Wednesday, April 16, 2008

The Best and Worst Things about Being a Writer

I’ve been thinking a lot about writing lately, possibly because I’m set to begin work on my fourth installment in the Alison Bergerson mystery series. I already have a title—“Extra Credit”—so that’s a start. My editor and I are usually throwing around words and phrases long after the manuscript has been submitted and approved, hoping to land on that one turn of phrase that will pique a reader’s interest. The third novel—out in December of this year—will be called “Quick Study” and many thanks to my friend Kelly, optometrist extraordinaire, who came up with that one.

I’ve also been thinking about the things I like the most about writing and some of the things that I’m not so crazy about and have compiled a list. Here are my top three:

1. My home office: One of the best things about being a writer? My home office. One of the worst things about being a writer? My home office. Being able to amble up to the third floor and sit at my pine table and work away for the day is really a blessing; I’m here to ship the kids off to school and here when they come home (is it three o’clock ALREADY?). But truth be told, I haven’t really left that attic space to do anything approaching physical activity in a really long time. I had a friend over the other night for a glass of champagne (no occasion; I think drinking champagne should make its way into the normal and mundane days just as often as it makes its way into the celebratory and exciting ones) who is a personal trainer. I asked her her secret to having abs that you could bounce a quarter off of. Apparently, scientists haven’t invented a secret pill since I stopped exercising that will guarantee you abs like my friend’s. Her advice? Eat less fat, cut out the Chardonnay, watch your carb intake, and take a brisk walk every day. My advice? Personal Trainer Friend, do not ever set foot in my house again. That solves that.

2. Talking about writing: One of the best and worst things about being a writer is talking about writing. I love talking to other writers, hearing their secrets, bouncing ideas off of them. I like how a great conversation about writing can get the juices flowing for everyone involved. I admire other writer’s work ethics, their ability to write through writer’s block, and how they turn a phrase. What I do not enjoy is people asking me what it takes to be a writer or when they devalue what writers do. Usually the people asking me about writing discuss the excuses they have for not writing first: “I have a full-time job,” (me, too); “I have kids,” (got two of my own); “I have a great idea for a novel but am way too busy to write,” (join the club). But you know what? Just like there’s no secret pill to having rock hard abs, there is no secret pill that will allow you to sit down and write a novel. It’s hard work and requires a bit of skill. And if you want to write, you have to write (just ask my fellow Stiletto-ites). Nothing will get in your way. Let’s revisit this in nine months when novel #4 is due, the abs are still the consistency of Jello, and I’m really cranky. Make sure you’re not the person I run into at the grocery store who announces to me that writing is easy, they have a book in them (that’s gotta hurt), and after they’re done, they’d love to have me edit it for them.

3. Book reviews: Good reviews?

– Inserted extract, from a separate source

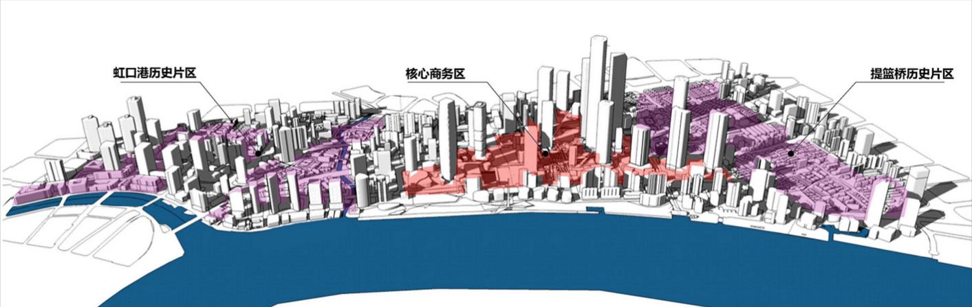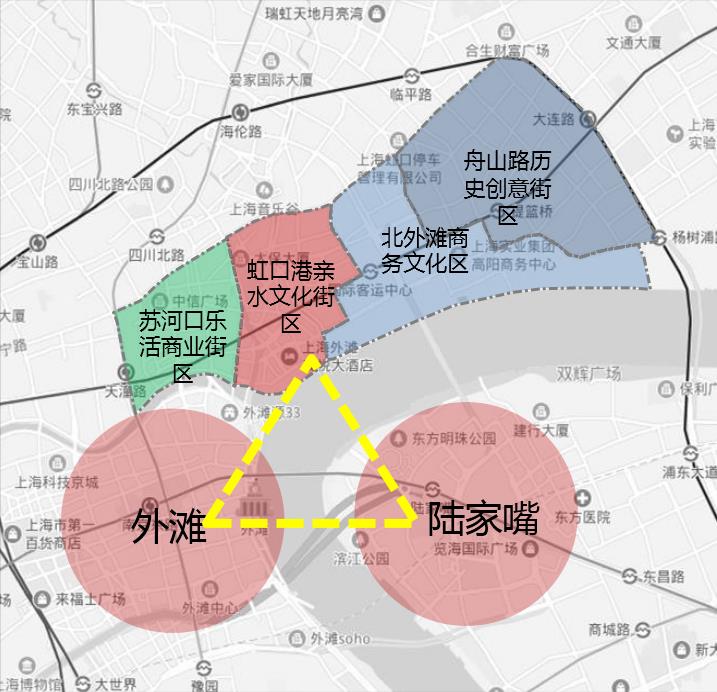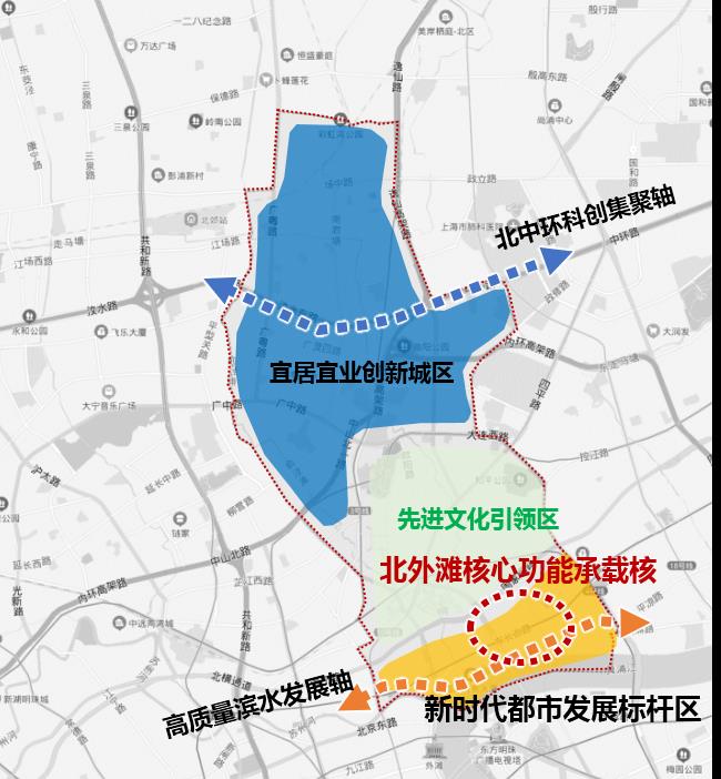 虹口区北外滩在总体格局规划上,中部核心商务区高强度、高密度开发,两侧提篮桥、虹口港历史片区低层高密度空间格局;全域构建出新 旧融合、以人为本的公共空间网络。同时根据虹口北外滩地区独特的海派文化底蕴和区域特点,打造四川北路海派时尚文化区、虹口港滨水生态 娱乐区、提篮桥创新生活体验区及以核心商务区为主的高端品质聚集区。
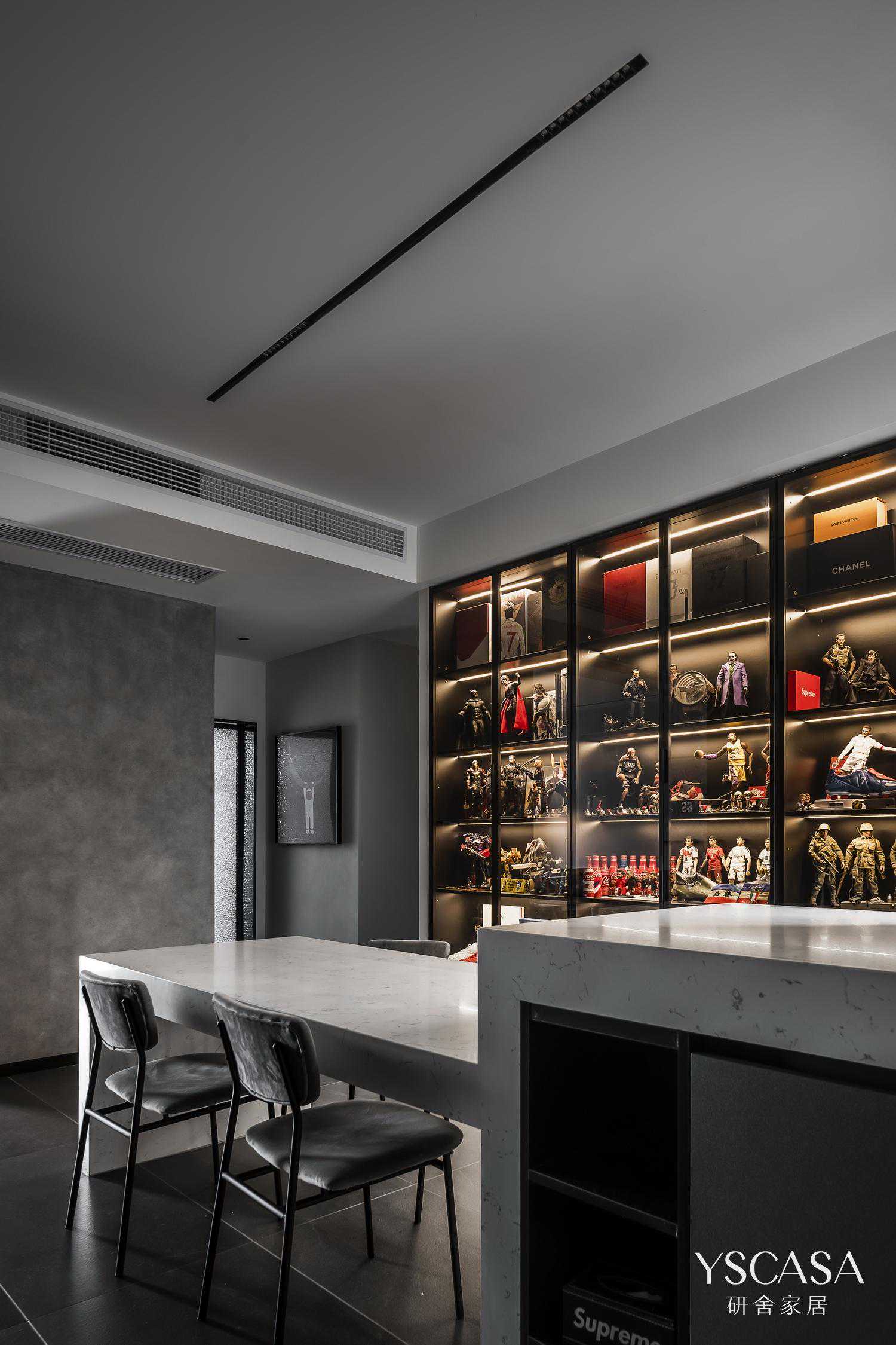 经过多次深入沟通,设计师围绕着业主的收藏爱好,展开了本案例的设计。除了各个空间的收纳补充,还需要在醒目位置设置比其他家庭更多的收藏展示柜,以满足业主与日俱增的“收藏库”。强化实用功能的同时,也注重家里的视觉层次感。为家打上一个私人“烙印”,让来到家里的每一位朋友,第一眼就认定“这就是我的家”。

The best thing about writing. Bad reviews? Do I even have to answer that? A good review will make my day. The birds will sing, I’ll make cornbread from scratch—just because!—and I will be whistling a happy tune. But get my day started with reading a bad review and I’ll turn into a beast that should only show its face during the full moon. Why do I let reviews—both good and bad—affect me like this? I don’t like everything I read and I don’t have to. Neither should anyone else out there (and I’m thinking of those reviewers on Amazon for whom one-star is a rave). There’s some kind of saying involving not believing the good reviews or the bad reviews and all will be well, but I haven’t been able to listen to this sage advice and continue on this roller coaster of emotion for the few months after I publish one of my novels.

The best thing I’ve done in the past several months related to writing is visiting the book club at my husband’s school. This group is comprised of about ten teachers who read and discuss the chosen book at length. They have just finished “Extracurricular Activities” and we had a spirited discussion about the book, mysteries, and writing in general. It was a fabulous evening, with some of the best refreshments I have ever seen at a book club. (Braised short ribs? Potatoes au gratin? Asparagus? I guess I’ll work all of those butter-filled calories off at some point but for today, I am salivating just thinking about that meal. Don’t tell Personal Trainer Friend—who, incidentally, I adore—she’ll have me in exercise boot camp before long.)

But since this is a combo best/worst list, I can’t leave out the part of the evening that will live in infamy: I got up to say goodbye to an old friend, tripped in my new high heeled giraffe-print shoes and took a header into the dessert table. I don’t think that even having perfectly sculpted abs and a killer rear end would have kept me upright or from grabbing the Shop teacher’s leg in an effort to ward off a head wound.

Even though it was the worst thing for me, I’m going to hope that that was the best thing about the book club meeting for the book club members. Because, let’s face it, how many times do you get to have the writer at your book club AND see her do a face plant?